Not quite. Computer use launched in October 2024. OpenAI's Operator followed in January 2025.

8. What percentage do human evaluators score on OSWorld (computer task benchmark)?

Correct. Human evaluators score approximately 72% on OSWorld, compared to Claude 3.5 Sonnet's 12.2% at launch — illustrating the substantial gap between current agents and human-level general computer operation.

Not quite. Human evaluators score ~72% on OSWorld. Claude 3.5 Sonnet scored 12.2% at launch, showing the scale of the remaining gap.

9. What is the "irreversibility risk" specific to computer-use agents that does not apply to chatbots?

Correct. The asymmetric cost of computer actions — sending an email or deleting a file cannot be undone — demands different safety models than chatbot responses, which can simply be ignored.

Not quite. The core irreversibility risk is that real-world computer actions (send, delete, submit) cannot be undone, unlike chatbot text outputs which can be ignored or corrected in the next turn.

10. What is the "scalable oversight problem" in AI alignment?

Correct. Scalable oversight is the fundamental challenge: when agents outperform humans in a domain, human reviewers can no longer reliably detect whether the agent's output is correct or subtly wrong.

Not quite. Scalable oversight is specifically about verification capability: when an agent surpasses human expertise in a domain, humans can no longer reliably evaluate whether the agent's outputs are correct.

11. Anthropic's Responsible Scaling Policy was first published in:

Correct. The RSP was first published in September 2023, making it the first public capability-gated deployment commitment by a frontier AI lab.

Not quite. The RSP was published in September 2023 and updated in October 2024. It was the first public binding commitment to pause development at defined capability thresholds.

12. Which multi-agent framework introduced "role specialization" — defining agents as researcher, writer, critic, etc.?

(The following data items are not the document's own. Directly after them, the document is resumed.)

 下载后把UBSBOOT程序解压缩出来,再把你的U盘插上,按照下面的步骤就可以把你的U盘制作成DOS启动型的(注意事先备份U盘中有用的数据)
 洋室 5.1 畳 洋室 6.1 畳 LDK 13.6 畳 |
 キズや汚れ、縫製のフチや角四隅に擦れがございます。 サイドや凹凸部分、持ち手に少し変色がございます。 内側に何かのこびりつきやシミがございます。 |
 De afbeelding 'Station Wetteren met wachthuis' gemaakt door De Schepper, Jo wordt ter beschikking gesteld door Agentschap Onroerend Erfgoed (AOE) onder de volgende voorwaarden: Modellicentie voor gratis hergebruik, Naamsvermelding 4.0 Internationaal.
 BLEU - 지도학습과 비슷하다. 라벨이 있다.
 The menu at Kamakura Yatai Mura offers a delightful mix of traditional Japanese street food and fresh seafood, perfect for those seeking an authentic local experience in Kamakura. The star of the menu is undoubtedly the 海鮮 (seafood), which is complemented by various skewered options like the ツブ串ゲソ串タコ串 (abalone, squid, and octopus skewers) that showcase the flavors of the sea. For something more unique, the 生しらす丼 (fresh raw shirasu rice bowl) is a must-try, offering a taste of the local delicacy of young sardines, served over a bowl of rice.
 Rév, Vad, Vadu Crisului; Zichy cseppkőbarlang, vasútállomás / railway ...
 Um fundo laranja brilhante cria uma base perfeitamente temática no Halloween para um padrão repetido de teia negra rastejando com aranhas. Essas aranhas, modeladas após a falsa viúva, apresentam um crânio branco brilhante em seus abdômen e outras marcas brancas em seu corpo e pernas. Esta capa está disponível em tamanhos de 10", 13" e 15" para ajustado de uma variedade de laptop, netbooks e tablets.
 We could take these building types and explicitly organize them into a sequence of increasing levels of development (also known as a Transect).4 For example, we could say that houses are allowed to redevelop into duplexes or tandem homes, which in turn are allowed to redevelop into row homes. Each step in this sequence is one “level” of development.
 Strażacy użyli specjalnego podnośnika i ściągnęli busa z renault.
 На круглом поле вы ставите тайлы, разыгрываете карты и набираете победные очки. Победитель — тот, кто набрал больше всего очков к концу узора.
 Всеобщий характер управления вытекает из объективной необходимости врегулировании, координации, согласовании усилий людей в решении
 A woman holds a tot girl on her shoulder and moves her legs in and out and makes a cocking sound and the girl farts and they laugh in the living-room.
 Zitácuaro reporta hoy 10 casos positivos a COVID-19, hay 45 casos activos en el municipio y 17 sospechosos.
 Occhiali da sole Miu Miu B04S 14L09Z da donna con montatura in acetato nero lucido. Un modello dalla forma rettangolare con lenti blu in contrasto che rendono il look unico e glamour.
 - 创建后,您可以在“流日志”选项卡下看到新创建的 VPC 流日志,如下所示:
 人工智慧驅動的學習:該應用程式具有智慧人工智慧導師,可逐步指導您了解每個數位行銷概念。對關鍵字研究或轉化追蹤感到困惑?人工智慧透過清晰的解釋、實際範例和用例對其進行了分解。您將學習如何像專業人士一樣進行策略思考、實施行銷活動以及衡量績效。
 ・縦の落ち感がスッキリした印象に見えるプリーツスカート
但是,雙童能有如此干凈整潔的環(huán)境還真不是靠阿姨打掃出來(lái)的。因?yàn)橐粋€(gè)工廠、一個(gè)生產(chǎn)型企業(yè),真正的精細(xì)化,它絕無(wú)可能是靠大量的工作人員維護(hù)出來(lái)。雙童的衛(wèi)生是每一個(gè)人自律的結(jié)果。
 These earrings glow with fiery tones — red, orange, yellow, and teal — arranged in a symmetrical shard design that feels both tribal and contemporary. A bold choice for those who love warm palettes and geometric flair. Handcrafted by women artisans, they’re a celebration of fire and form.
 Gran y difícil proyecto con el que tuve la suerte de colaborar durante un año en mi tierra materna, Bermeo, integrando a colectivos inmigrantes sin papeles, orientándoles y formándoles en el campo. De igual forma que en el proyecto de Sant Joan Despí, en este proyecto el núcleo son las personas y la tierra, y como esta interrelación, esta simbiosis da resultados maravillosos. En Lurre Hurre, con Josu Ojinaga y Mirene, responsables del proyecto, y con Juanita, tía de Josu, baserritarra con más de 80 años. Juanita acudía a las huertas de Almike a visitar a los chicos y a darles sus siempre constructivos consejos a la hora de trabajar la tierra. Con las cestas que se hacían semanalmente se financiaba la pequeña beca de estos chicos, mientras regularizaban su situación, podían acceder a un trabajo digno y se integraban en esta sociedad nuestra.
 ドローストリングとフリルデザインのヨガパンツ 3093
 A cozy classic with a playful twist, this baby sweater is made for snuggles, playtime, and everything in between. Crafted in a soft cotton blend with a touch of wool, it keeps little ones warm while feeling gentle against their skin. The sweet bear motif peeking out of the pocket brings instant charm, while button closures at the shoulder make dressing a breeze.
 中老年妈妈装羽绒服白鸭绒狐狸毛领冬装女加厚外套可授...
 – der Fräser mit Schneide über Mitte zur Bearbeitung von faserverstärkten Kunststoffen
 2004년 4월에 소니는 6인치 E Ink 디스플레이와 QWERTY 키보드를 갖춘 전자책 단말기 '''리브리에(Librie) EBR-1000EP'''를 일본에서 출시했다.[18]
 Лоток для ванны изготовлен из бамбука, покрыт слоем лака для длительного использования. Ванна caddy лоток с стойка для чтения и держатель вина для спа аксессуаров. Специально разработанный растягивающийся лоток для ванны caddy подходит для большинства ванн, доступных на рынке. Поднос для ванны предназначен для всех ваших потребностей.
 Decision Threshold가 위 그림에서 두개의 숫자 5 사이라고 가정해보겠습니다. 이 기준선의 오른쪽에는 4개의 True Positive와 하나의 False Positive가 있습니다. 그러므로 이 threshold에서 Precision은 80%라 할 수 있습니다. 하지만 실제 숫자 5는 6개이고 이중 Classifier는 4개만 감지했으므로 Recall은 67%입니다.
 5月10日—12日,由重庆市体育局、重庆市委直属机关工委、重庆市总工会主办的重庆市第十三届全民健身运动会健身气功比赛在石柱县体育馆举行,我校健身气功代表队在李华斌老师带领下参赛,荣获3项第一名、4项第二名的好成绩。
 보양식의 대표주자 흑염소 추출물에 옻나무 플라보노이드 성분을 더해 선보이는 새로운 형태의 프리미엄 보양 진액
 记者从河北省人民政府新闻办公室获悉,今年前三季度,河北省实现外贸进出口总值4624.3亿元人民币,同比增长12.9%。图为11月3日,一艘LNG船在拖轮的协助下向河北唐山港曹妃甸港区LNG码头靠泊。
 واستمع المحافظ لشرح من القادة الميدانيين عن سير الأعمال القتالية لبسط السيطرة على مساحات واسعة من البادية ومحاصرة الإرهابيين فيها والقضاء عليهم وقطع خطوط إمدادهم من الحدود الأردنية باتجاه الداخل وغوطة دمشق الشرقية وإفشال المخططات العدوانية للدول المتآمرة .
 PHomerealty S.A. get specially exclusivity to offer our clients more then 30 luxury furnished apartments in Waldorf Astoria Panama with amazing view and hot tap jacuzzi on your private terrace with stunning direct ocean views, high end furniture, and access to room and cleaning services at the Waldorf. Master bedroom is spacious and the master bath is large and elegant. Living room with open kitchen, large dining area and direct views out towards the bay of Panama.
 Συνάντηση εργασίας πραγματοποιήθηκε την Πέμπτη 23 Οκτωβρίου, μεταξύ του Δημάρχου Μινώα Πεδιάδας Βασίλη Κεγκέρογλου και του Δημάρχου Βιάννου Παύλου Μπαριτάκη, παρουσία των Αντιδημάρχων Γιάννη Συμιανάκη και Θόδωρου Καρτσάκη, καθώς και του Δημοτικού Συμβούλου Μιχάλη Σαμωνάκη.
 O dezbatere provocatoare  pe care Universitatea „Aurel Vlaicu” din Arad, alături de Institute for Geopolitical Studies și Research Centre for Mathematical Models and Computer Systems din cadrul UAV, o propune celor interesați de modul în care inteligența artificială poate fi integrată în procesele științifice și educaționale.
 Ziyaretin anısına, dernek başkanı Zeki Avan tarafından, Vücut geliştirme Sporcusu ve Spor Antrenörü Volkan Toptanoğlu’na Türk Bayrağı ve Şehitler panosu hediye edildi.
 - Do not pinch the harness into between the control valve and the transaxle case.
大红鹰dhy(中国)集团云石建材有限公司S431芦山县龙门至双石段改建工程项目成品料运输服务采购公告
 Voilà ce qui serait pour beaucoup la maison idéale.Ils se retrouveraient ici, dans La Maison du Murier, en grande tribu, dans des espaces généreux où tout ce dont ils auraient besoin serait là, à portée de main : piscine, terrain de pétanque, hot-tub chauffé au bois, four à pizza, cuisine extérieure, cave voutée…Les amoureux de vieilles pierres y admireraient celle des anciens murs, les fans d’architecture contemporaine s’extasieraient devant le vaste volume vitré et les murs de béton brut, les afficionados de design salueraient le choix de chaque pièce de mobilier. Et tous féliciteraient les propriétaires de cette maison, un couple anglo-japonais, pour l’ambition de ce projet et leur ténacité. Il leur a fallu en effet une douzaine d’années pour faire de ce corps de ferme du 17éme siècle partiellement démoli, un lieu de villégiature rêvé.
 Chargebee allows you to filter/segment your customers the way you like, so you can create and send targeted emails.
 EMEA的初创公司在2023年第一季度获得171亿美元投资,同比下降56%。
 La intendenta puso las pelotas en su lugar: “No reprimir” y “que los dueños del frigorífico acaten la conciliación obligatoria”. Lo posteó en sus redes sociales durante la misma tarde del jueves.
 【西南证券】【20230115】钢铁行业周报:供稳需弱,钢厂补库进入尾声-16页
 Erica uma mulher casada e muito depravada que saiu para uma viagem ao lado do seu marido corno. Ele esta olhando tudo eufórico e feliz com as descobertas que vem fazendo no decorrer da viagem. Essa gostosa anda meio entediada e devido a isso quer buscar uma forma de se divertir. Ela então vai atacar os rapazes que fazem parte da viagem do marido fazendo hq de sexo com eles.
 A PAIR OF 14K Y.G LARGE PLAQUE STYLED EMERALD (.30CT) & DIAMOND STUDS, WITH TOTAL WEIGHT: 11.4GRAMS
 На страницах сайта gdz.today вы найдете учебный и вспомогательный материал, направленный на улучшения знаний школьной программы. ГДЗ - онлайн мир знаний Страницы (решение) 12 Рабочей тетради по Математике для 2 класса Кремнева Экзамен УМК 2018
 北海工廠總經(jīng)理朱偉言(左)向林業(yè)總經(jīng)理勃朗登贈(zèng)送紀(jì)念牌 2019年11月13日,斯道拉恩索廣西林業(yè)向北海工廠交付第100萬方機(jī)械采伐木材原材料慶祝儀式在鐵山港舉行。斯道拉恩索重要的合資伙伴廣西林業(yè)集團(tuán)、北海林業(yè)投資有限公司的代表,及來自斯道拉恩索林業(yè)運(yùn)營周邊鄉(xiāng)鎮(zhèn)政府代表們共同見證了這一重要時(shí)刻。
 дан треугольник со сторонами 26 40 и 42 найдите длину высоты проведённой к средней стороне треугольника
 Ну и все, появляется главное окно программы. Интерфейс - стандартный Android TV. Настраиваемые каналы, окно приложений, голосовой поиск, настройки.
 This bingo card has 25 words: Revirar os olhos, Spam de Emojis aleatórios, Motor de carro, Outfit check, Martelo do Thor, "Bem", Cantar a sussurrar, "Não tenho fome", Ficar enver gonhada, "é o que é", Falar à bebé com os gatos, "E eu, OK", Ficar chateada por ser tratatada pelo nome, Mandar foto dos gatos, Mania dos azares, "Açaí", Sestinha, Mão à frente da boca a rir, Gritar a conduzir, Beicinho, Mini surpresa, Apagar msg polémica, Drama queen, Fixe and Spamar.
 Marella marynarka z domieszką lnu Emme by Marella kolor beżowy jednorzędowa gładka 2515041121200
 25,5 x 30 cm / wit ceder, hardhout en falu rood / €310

Correct. CrewAI, launched January 2024, brought explicit role specialization to multi-agent systems — the "crew" metaphor of distinct agents with distinct organizational roles.

Not quite. CrewAI introduced role specialization, launching in January 2024 with a "crew" metaphor. AutoGen focused on conversational agent patterns; LangGraph on stateful graph execution.

13. What compute threshold in the EU AI Act triggers additional systemic risk obligations for general-purpose AI?

Correct. The EU AI Act sets 10²³ FLOPs of training compute as the threshold for GPAI systemic risk obligations — making it the first legally binding use of a technical compute metric in AI regulation.

Not quite. The EU AI Act's threshold is 10²³ FLOPs, a specific technical measure embedded in binding law that captures frontier models while excluding smaller systems.

14. What key insight makes the "debate" alignment technique promising for scalable oversight?

Correct. Debate's key asymmetry: humans can detect bad arguments more reliably than they can generate good ones — allowing oversight to scale beyond human domain expertise level.

Not quite. The insight is an asymmetry in human cognition: detecting that an argument is wrong is easier than constructing the correct argument from scratch — enabling oversight beyond direct human expertise.

15. What was the approximate SWE-bench score range for the best agents by mid-2024?

Correct. By mid-2024, the leading SWE-bench scores had reached ~45–50% (Claude 3.5 Sonnet with SWE-agent scaffolding at ~49%), up from under 5% eighteen months earlier.

Not quite. By mid-2024, the frontier had reached the 45–50% range. The 5% figure is where the best agents stood in early 2023 — the improvement over 18 months was dramatic.